FORT McCOY, Wis. –
Sergeant Major of the Army Michael A. Grinston wrapped up a two-day visit to the Total Force Training Center July 20-21, 2021, meeting and talking with Soldiers and spouses of the Eagle Brigade, Soldiers attending advanced leader and senior leader courses and U.S. Army Reserve Soldiers training on Fort McCoy as part of Pershing Strike 21.
Grinston’s first stop after landing in Wisconsin was a meet and greet with Lt. Gen. Antonio Aguto, the commander of First Army, along with other senior leaders of First Army, First Army Division West, the Eagle Brigade and Fort McCoy to discuss the role of Pershing Strike 21 and Fort McCoy’s impact to total Army readiness.
Afterwards, he listened to the spouses of Soldiers of the 181st Multifunctional Training Brigade discuss quality of life issues, such as housing, spousal employment, the exceptional family member program and others.
“My job is, whatever your passion is, to explain that to Army leaders,” Grinston told the spouses after a nearly two-hour discussion.
Grinston’s first stop of the next day was a squad level physical training session with Soldiers of 1st Brigade Engineer Battalion, 310th Infantry Regiment, 181st MFTB, which included circuit muscular strength and cardiovascular exercises.
After taking questions about topics that ranged from the Army Combat Fitness Test to possibly extending time-on-station requirements, Grinston met with Soldiers attending advanced leader and senior leader courses at the Fort McCoy Noncommissioned Officer Academy.
Key topics Grinston discussed included leader development, understanding the people first initiative as it relates to readiness and engaged leadership, while also imploring the students to help make his initiative, “This Is My Squad,” more than just a slogan.
“When we talk about people first and readiness, it’s not that we are forgetting about readiness, it’s that we are also establishing individual tasks and building from there,” Grinston said. “Care about your people, engage with them, know your people,” he said.
Next on the itinerary was a meal, ready-to-eat lunch with Soldiers of the 645th Inland Cargo Transport Company, 650th Regional Support Group, 79th Theater Sustainment Command, followed by observing the unit’s convoy operations training led by observer coach/trainers of 1st Brigade Support Battalion, 351st Infantry Regiment, 181st MFTB.
The 645th ICTC is a U.S. Army Reserve unit preparing for an upcoming deployment to the CENTCOM’s area of responsibility.
“First Army has great leaders and great leadership, but their role in what they do for the total Army, what their observer coach/trainers out there do to guide them through training, I’m really proud of what they do,” Grinston said.
From one U.S. Army Reserve unit to another, Grinston spent time with Soldiers of the 1397th Deployment Distribution Support Battalion, 377th Theater Sustainment Command, to learn about port and port transportation operations.
The 1397th DDSB is also preparing for an upcoming deployment to the CENTCOM’s area of responsibility.
“It was definitely an honor to get to speak to the SMA about my job,” Spc.
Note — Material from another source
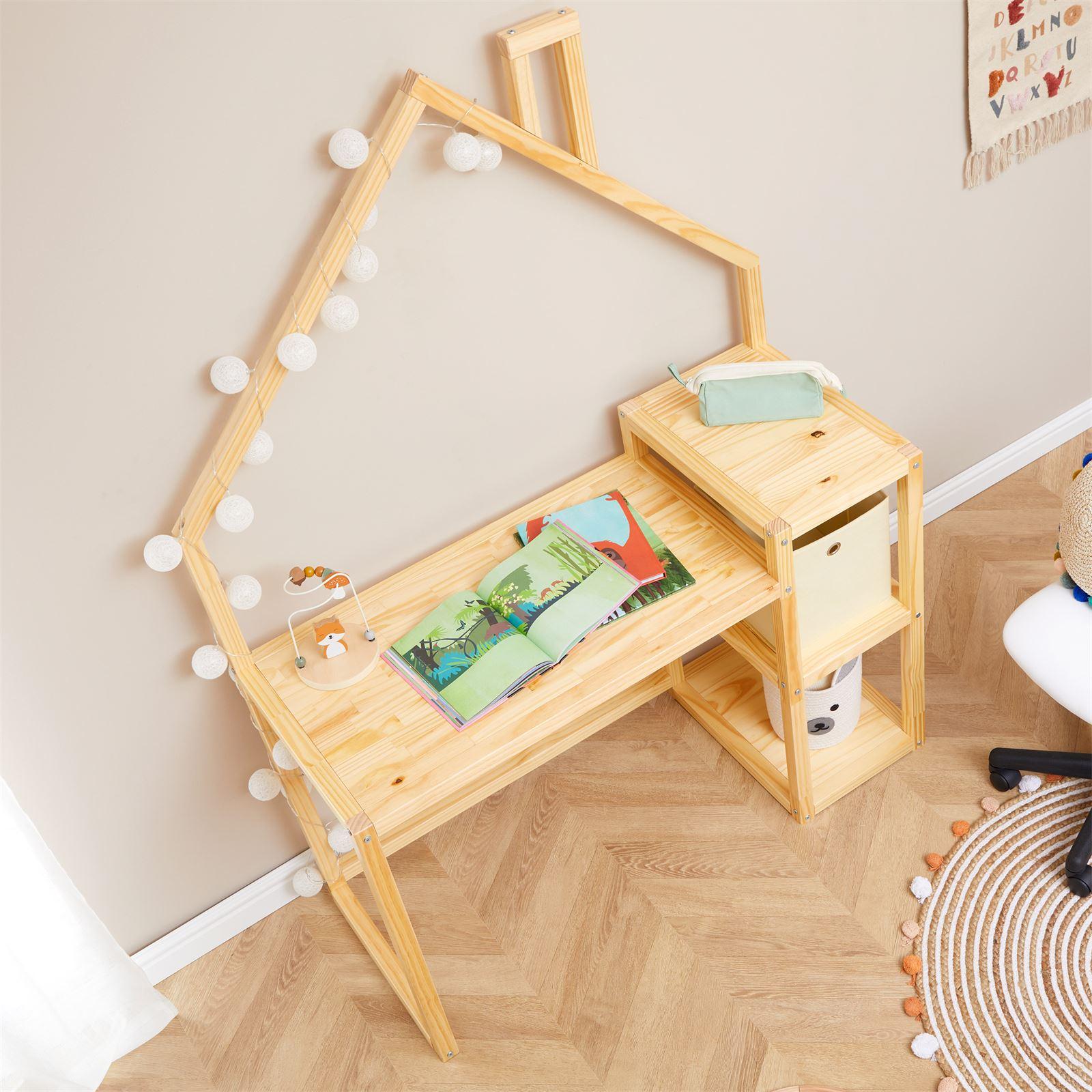 ... deviendra un véritable élément de décoration dans la chambre de votre enfant. Son design minimaliste en forme de maison ajoutera un aspect ludique à l'organisation de sa chambre. Fabriqué en pin massif, ce bureau en bois s'harmonise facilement avec le reste du mobilier. De plus, des étagères intégrées offrent à l'enfant la possibilité de ranger ses affaires lui-même, favorisant ainsi son autonomie et son sens de l'organisation

Luis Torres-Garcia, a transportation management coordinator for the 1397th DDSB, said. “As a specialist, to get to brief the Sergeant Major of the Army was a once in a lifetime experience, but also it was a great opportunity to give him insight into what we do, and stress the importance of our job. I feel like he got a great picture of that today.”
For Torres-Garcia, the biggest impact of that moment was how genuine Grinston seemed.
“When we talked about the gate system and the Integrated Computerized Deployment System to describe the shipping process from loading to transit to unloading, what stuck out the most to me was that he cares about what we do, and wanted to get a clear picture of what we do so that he can support us and our operations and really get to know us as people and as Soldiers,” he said.
For Grinston’s last stop of the day and trip, he visited U.S. Army Reserve Soldiers from the 335th Medical Company, 332nd Medical Brigade, 3rd Medical Command, who are here on Fort McCoy to support Pershing Strike 21 by providing lifelike and realistic training aides for medical and combat care injects.
“For me, it was quite an honor because it’s not just any sergeant major, it’s the Sergeant Major of the Army, and the fact that I was the one chosen to show him the work that we do here is truly special,” Spc. Javier Cosme, an Army mental health specialist for the 335th Medical Co., said. “As a unit, we’re very proud to get to meet the Sergeant Major of the Army, because there’s only been 16, so everybody was very excited that we were chosen to host him.”
As did throughout his trip on Fort McCoy, Grinston’s words of taking care of Soldiers rang the loudest.
“To me, what stuck out the most was when he talked about knowing the Soldier beside you, because sometimes we don’t really talk to our Soldiers and get to know them, which leads to us having outliers, but we can always do more.”